To illustrate what happens when supply and demand work effectively in a market, as described by Adam Smith, you would look for a scenario that highlights the following key concepts:
-
Equilibrium Price and Quantity: The market reaches a point where the quantity of goods supplied equals the quantity of goods demanded. At this point, there is no surplus or shortage.
-
Price Signals: Prices adjust based on changes in supply and demand. If demand increases and supply remains constant, prices rise, signaling producers to supply more. Conversely, if supply increases without a change in demand, prices may fall, signaling consumers to buy more.
-
Incentives for Producers and Consumers: Producers respond to higher prices by increasing production, while consumers may reduce their demand at higher prices, leading to a natural adjustment in the marketplace.
An example scenario illustrating these points could be:
- Scenario: A sudden increase in consumer preference for electric vehicles (EVs) leads to a rise in demand.
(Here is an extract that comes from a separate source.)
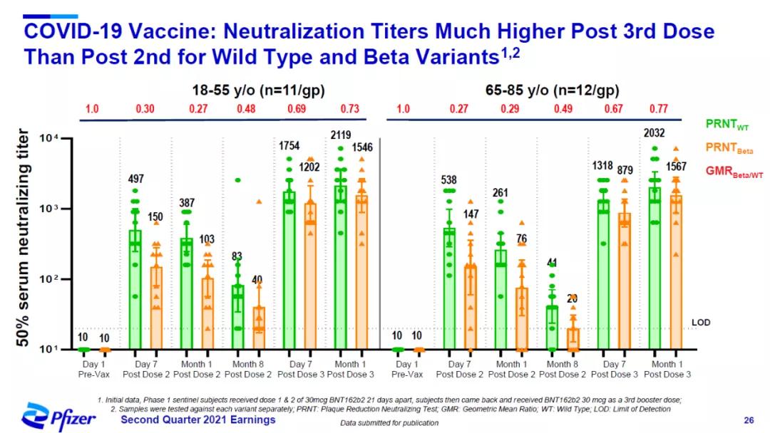 图表来源:医药笔记 此外,辉瑞还公布了接种第三剂BNT162b2后血清中和活性数据。初步数据显示:1)在接种第二剂6个月之后,接种第三剂增强疫苗表现出与此前一致的安全性特征; 2)针对野生型病毒,接种第三剂疫苗后中和抗体滴度比二针剂提高5-8倍; 3)针对Beta变种(B.1.351),接种第三剂疫苗后的中和抗体滴度比二针剂提高15-21倍;

As demand for EVs increases, manufacturers observe higher sales and raise their prices. This price increase signals other producers to enter the EV market or existing producers to ramp up production. Over time, as more EVs are produced and offered in the market, prices stabilize and eventually the quantity supplied meets the quantity demanded, reaching a new equilibrium.
This illustrates the mechanism of supply and demand working effectively as described in Adam Smith's vision of a self-regulating market.